Brief:
For the copy, please give all of the data again exactly and leave the pictures out.

Available data:
»»

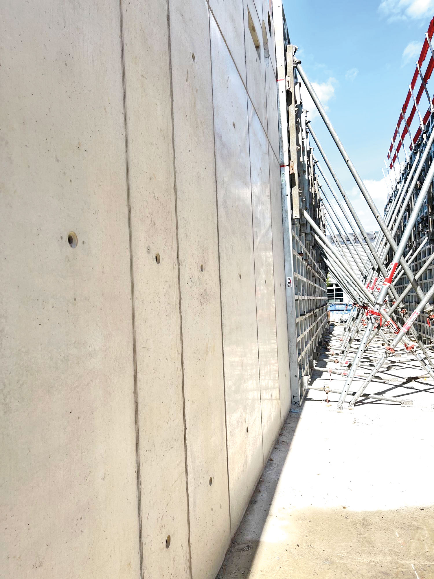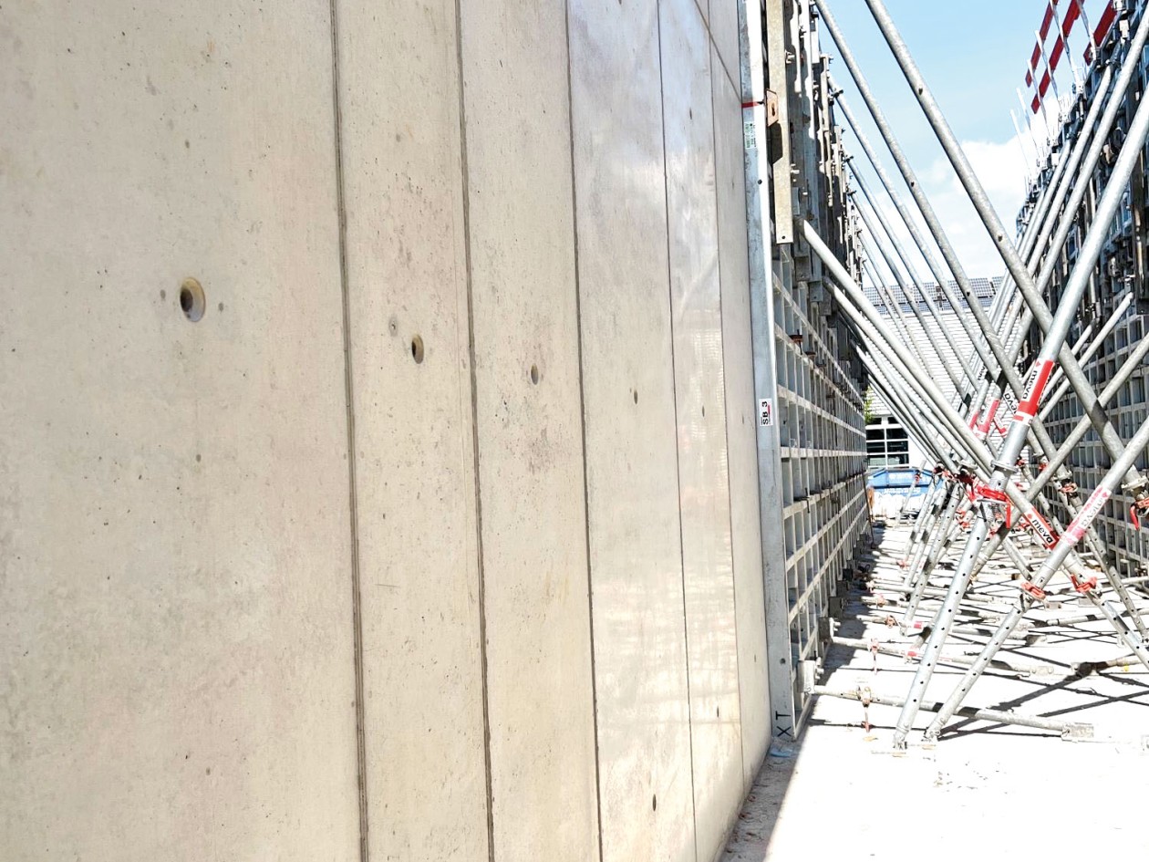 Tous les panneaux Mammut XT (990 m²) et Mammut 350 (47 m²), ainsi que les peaux en polypropylène alkus allant servir à la réalisation des compensations, embrasures et linteaux en béton de parement, ont été conditionnés en amont, chez MEVA, pour répondre aux exigences d’un béton de parement. Par endroits, il fallait même réaliser des parements de type P3+ (SBK 3+), ce qui a été obtenu par un ponçage plus fin et la pose de joints supplémentaires pour prévenir les remontées de laitance. Plus de 670 m² (bâtiment 10) et 200 m² (bâtiment 11) de voiles sont aujourd’hui parés de beaux bétons. Même les poteaux ont été réalisés avec des parements de qualité P3 (SBK 3). La hauteur maximale de coulage était de 6,30 m pour le bâtiment 11 (superposition de deux panneaux de 350 cm de haut) et de 5,55 m pour le bâtiment 10 (350 + 125 + 125 cm).
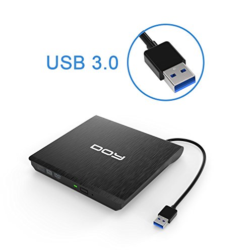 External DVD Drive, DOY USB 3.0 Burner DVD +RW/CD +RW Drive with Embedded USB Cable for Laptops PC, Desktop, Apple Macbook, Macbook Pro, Macbook Air Support Mac OSX Windows Vista/ 7/ 8/ 10(Black)
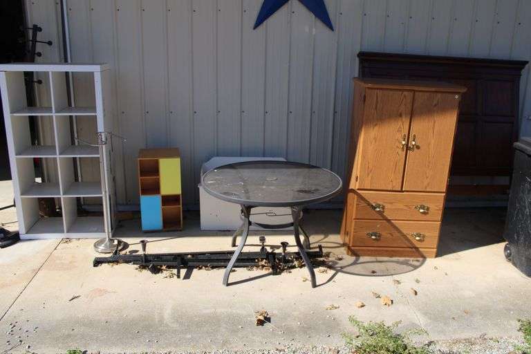Nice wooden headboard, patio dining table, laminate armoire cabinet, white bookcase, towel rack, white storage bench, patio umbrella, clothing rack, and metal bed frame. Finish wear and damage on items. See photos for more details. No other items included.

««

Solved problem:
 Tous les panneaux Mammut XT (990 m²) et Mammut 350 (47 m²), ainsi que les peaux en polypropylène alkus allant servir à la réalisation des compensations, embrasures et linteaux en béton de parement, ont été conditionnés en amont, chez MEVA, pour répondre aux exigences d’un béton de parement. Par endroits, il fallait même réaliser des parements de type P3+ (SBK 3+), ce qui a été obtenu par un ponçage plus fin et la pose de joints supplémentaires pour prévenir les remontées de laitance. Plus de 670 m² (bâtiment 10) et 200 m² (bâtiment 11) de voiles sont aujourd’hui parés de beaux bétons. Même les poteaux ont été réalisés avec des parements de qualité P3 (SBK 3). La hauteur maximale de coulage était de 6,30 m pour le bâtiment 11 (superposition de deux panneaux de 350 cm de haut) et de 5,55 m pour le bâtiment 10 (350 + 125 + 125 cm).
 External DVD Drive, DOY USB 3.0 Burner DVD +RW/CD +RW Drive with Embedded USB Cable for Laptops PC, Desktop, Apple Macbook, Macbook Pro, Macbook Air Support Mac OSX Windows Vista/ 7/ 8/ 10(Black)
Nice wooden headboard, patio dining table, laminate armoire cabinet, white bookcase, towel rack, white storage bench, patio umbrella, clothing rack, and metal bed frame. Finish wear and damage on items. See photos for more details. No other items included.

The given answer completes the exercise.